• **RECORDED DATA**

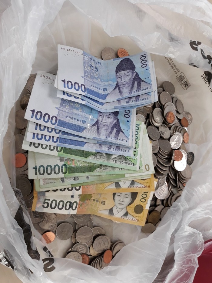 봉투 안에는 오만 원짜리 2개, 만 원짜리 5개, 천 원짜리 6개와 많은 동전이 들어있었다. 할머니는 손녀가 몇 년 동안 모은 저금통을 깨서 좋은 일에 써달라고 가져왔다고 설명했다.
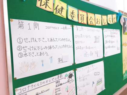 「みんなが元気に過ごすためにはどうしたらいいかな?」と児童保健委員会で話し合い,掲示物での呼びかけを行っています。
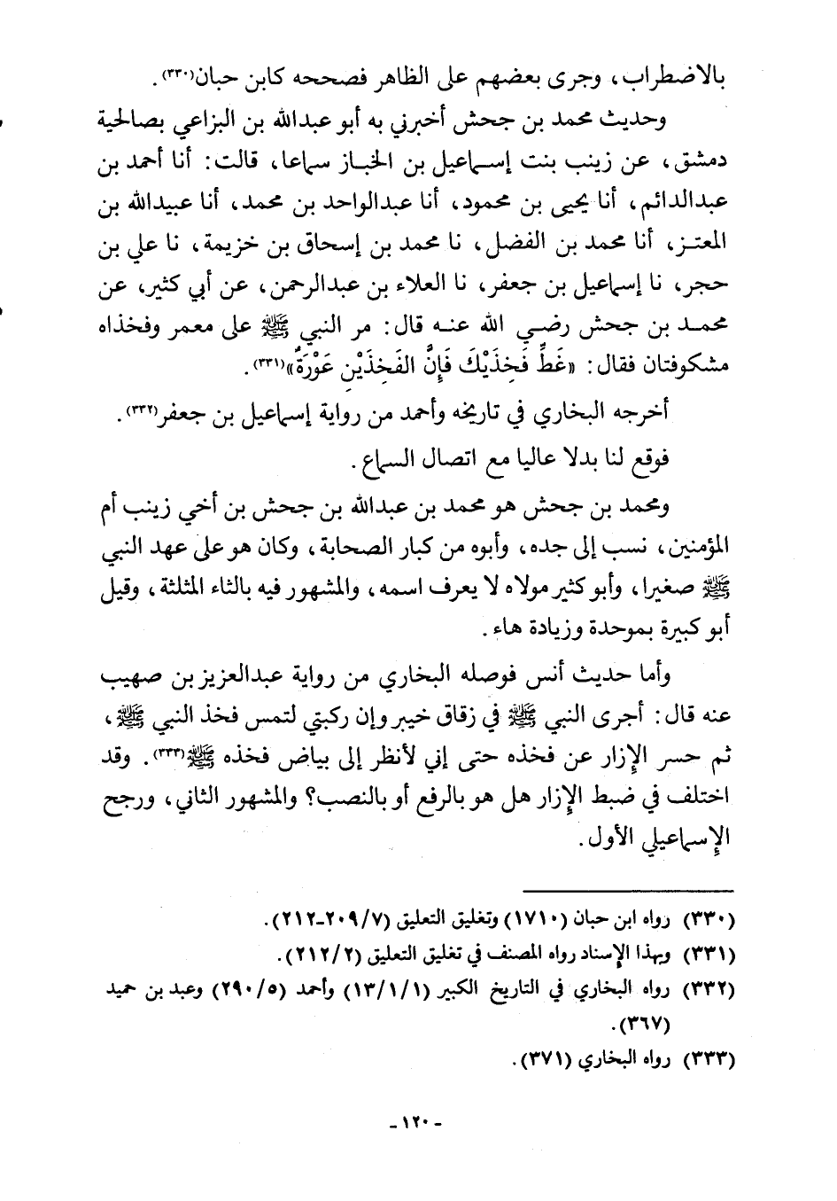 وحديث محمد بن جحش أخبرني به أبو عبد اللَّه بن البزاعي بصالحية دمشق، عن زينب بنت إسماعيل بن الخباز سماعا، قالت: أنا أحمد بن عبد الدائم، أنا يحيى بن محمود، أنا عبد الواحد بن محمد، أنا عبيد اللَّه بن المعتز، أنا محمد بن الفضل، نا محمد بن إسحاق بن خزيمة، نا علي بن حجر، نا إسماعيل بن جعفر، نا العلاء بن عبد الرحمن، عن أبي كثير، عن محمد بن جحش رضي اللَّه عنه قال: مر النبي -صلى اللَّه عليه وسلم- على معمر وفخذاه مشكوفتان فقال: "غَطِّ فَخِذَيْكَ فَإِنَّ الفَخِذَيْنِ عَوْرَةٌ" (¬331).

• **EXERCISE**
Omit the pictures, then print the rest of the listing above exactly.

• **WRITTEN ANSWER**
 봉투 안에는 오만 원짜리 2개, 만 원짜리 5개, 천 원짜리 6개와 많은 동전이 들어있었다. 할머니는 손녀가 몇 년 동안 모은 저금통을 깨서 좋은 일에 써달라고 가져왔다고 설명했다.
 「みんなが元気に過ごすためにはどうしたらいいかな?」と児童保健委員会で話し合い,掲示物での呼びかけを行っています。
 وحديث محمد بن جحش أخبرني به أبو عبد اللَّه بن البزاعي بصالحية دمشق، عن زينب بنت إسماعيل بن الخباز سماعا، قالت: أنا أحمد بن عبد الدائم، أنا يحيى بن محمود، أنا عبد الواحد بن محمد، أنا عبيد اللَّه بن المعتز، أنا محمد بن الفضل، نا محمد بن إسحاق بن خزيمة، نا علي بن حجر، نا إسماعيل بن جعفر، نا العلاء بن عبد الرحمن، عن أبي كثير، عن محمد بن جحش رضي اللَّه عنه قال: مر النبي -صلى اللَّه عليه وسلم- على معمر وفخذاه مشكوفتان فقال: "غَطِّ فَخِذَيْكَ فَإِنَّ الفَخِذَيْنِ عَوْرَةٌ" (¬331).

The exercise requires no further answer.